Task input:
____

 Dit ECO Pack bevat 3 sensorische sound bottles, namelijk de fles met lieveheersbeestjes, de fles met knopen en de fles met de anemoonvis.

____

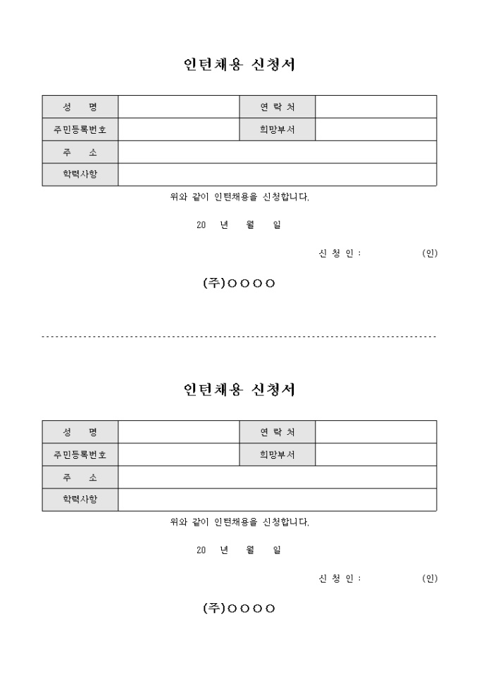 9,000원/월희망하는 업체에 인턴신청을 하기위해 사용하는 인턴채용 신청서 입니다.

____

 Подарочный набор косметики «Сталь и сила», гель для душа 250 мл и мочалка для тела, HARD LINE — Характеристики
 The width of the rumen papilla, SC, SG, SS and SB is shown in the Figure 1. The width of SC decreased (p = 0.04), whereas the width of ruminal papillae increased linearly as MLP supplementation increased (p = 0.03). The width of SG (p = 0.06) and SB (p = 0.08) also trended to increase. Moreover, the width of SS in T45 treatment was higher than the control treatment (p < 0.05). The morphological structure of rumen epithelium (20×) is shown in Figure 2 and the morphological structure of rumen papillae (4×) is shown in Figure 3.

____

With the line that has "Подарочный набор косметики" as the first and the line that has "The width of the" as the last, repeat exactly that run of lines above and no more.

Result of this exercise:
 Подарочный набор косметики «Сталь и сила», гель для душа 250 мл и мочалка для тела, HARD LINE — Характеристики
 The width of the rumen papilla, SC, SG, SS and SB is shown in the Figure 1. The width of SC decreased (p = 0.04), whereas the width of ruminal papillae increased linearly as MLP supplementation increased (p = 0.03). The width of SG (p = 0.06) and SB (p = 0.08) also trended to increase. Moreover, the width of SS in T45 treatment was higher than the control treatment (p < 0.05). The morphological structure of rumen epithelium (20×) is shown in Figure 2 and the morphological structure of rumen papillae (4×) is shown in Figure 3.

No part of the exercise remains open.